Managing expectations when hiring a consultant

Posted Mar 17th, 2013 in Entrepreneurship

Managing ExpectationsManaging expectations can be a challenge when hiring an outside consultant or agency to help with your marketing/communication initiatives.

First determine what you would like the consultant to do. Maybe it is just on an advisory basis, maybe it is to help manage your social media initiatives (because we know how much time that can take) or maybe it is to help develop a marketing strategy to support your business goals.  For whatever reason it might be, make sure you and the person(s) you hire understands what you expect from each other. 

Before you sign the dotted line on your contract, make sure you get to know your consultant to go over what you hope to accomplish by hiring them and an understanding of how they do business.  Expertise is very important, but getting along with each other's 'style' of doing business is just as important.

Three main points to manage expectations to help you and your consultant have a mutually beneficial relationship is to

  • have a plan
  • communication is key;
  • make sure you follow up.

Steps to managing expectations during your work together

Have a plan 

Know what success look like to you.  Take time to really think about this, and review with your consultant to help guide you through this process if you need to.  Make sure you both agree on the scope of work that needs to be done.  Write it down, sign and date it.  Outline SMART objectives that can be measured and evaluated based on your vision of success.  How will results be measured?  Ask if this is not presented in the initial project plan. As well, you will need a timeline in place that clearly sets out milestone markers and the final deadline.

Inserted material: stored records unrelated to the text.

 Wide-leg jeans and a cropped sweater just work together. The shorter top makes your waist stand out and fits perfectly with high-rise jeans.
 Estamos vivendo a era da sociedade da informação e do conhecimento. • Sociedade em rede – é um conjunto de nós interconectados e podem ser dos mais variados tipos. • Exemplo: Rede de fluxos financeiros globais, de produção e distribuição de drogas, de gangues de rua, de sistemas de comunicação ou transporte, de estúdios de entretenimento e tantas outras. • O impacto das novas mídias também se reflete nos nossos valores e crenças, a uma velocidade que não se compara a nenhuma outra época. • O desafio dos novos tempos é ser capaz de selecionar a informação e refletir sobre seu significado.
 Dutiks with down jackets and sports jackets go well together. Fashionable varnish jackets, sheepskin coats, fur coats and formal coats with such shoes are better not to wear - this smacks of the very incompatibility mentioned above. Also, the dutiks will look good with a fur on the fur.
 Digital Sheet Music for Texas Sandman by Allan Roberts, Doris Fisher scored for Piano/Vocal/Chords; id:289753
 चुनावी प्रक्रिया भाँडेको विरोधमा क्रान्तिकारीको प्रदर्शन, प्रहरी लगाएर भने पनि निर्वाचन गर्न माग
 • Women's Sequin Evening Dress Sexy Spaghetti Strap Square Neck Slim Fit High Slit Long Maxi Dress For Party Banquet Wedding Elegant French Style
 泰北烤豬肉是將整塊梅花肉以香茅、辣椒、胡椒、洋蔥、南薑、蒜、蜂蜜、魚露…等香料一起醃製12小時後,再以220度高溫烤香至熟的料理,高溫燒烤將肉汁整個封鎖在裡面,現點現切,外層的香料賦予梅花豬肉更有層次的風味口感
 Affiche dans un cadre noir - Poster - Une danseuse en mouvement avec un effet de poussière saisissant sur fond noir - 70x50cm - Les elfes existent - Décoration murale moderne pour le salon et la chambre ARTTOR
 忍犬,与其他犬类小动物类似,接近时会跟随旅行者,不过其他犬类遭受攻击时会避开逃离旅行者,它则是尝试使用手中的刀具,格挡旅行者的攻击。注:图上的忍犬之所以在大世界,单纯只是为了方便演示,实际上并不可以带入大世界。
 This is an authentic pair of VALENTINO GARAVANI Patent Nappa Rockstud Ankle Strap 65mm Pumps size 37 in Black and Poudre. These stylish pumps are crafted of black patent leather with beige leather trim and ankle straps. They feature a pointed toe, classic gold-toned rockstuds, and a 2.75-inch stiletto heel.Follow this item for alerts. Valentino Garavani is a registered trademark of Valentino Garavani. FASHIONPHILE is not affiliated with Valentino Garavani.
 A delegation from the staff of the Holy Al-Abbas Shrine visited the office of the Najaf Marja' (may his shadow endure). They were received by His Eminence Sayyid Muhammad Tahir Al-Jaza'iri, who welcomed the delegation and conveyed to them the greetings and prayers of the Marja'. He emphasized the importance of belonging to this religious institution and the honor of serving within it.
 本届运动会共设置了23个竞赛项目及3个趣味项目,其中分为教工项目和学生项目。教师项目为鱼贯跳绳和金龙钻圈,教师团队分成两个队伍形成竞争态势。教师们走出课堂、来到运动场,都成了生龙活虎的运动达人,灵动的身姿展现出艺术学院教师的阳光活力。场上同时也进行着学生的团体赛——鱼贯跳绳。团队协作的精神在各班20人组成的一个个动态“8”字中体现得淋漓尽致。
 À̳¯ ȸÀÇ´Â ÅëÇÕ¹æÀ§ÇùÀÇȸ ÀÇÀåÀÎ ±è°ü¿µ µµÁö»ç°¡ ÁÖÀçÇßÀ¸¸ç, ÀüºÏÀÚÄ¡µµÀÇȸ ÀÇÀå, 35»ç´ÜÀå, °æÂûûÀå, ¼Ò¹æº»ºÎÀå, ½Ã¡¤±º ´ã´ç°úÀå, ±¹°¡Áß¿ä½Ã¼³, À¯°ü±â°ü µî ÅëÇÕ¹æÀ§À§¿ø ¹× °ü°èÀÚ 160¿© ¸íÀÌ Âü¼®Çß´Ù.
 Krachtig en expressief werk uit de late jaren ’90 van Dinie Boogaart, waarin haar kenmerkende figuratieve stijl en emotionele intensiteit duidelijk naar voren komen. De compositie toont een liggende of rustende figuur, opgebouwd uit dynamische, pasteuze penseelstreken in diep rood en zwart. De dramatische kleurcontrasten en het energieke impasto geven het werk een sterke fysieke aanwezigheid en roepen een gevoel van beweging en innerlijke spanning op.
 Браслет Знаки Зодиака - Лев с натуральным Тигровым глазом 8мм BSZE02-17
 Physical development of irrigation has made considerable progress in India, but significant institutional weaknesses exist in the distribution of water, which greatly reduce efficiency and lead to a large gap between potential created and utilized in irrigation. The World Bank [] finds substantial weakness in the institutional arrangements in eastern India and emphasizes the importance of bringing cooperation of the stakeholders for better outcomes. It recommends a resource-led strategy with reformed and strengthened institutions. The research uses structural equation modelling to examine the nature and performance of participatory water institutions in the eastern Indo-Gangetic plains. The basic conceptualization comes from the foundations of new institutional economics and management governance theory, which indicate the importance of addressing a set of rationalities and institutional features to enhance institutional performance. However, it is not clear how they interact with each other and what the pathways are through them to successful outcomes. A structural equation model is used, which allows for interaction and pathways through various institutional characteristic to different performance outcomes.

An action plan/critical path is helpful to keep everyone organized and accountable.  Here is an example of an Action Plan Template [1] (downloaded from Microsoft Office and customized)

Communication is key

  • Don't assume anything
  • Err on the side of over communication
  • Methods of communication - what works best for you?  (i.e. email, text, phone.)  How quickly do you expect a reply?
  • Availability -  If deadlines are to be met, it is both the responsibility of the client and the consultant to make themselves available to work on tasks and be available for meetings.
  • If you have a consultant on retainer, know how many hours you have them (week/month/year).  Ask how much lead time you need to give them before a deadline.
  • Never assume!  If you don't know something ask.
  • LISTEN - Consultants need to ask the right questions to really understand what the client wants to achieve.   Clients/Business owners, in this rapidly changing world of technological capabilities, changes in the world of marketing/communications is changing just as quickly - methods and best-practices.  It is the job of your marketing/communication consultant to stay in the 'know', so listen to their advice.  Any question about their advice, ask them to explain WHY they are suggesting something (white papers, industry best-practices, statistics, etc are available).

Follow Up 

  • Regular meetings, updated action plans, and milestone reports should be done
  • Measure and evaluate your efforts, so you can use the 'lessons learned' for the next project
  • Final evaluation report should be included in all project plans.
  • Consultants, check in on your client in 3-6 months to see how they are doing.
Business owners, these are only a few things to expect from your marketing/communication consultant/agency, but it is a start.  Remember, it is a two-way street.  Keep the communication pathways open between you and your consultants.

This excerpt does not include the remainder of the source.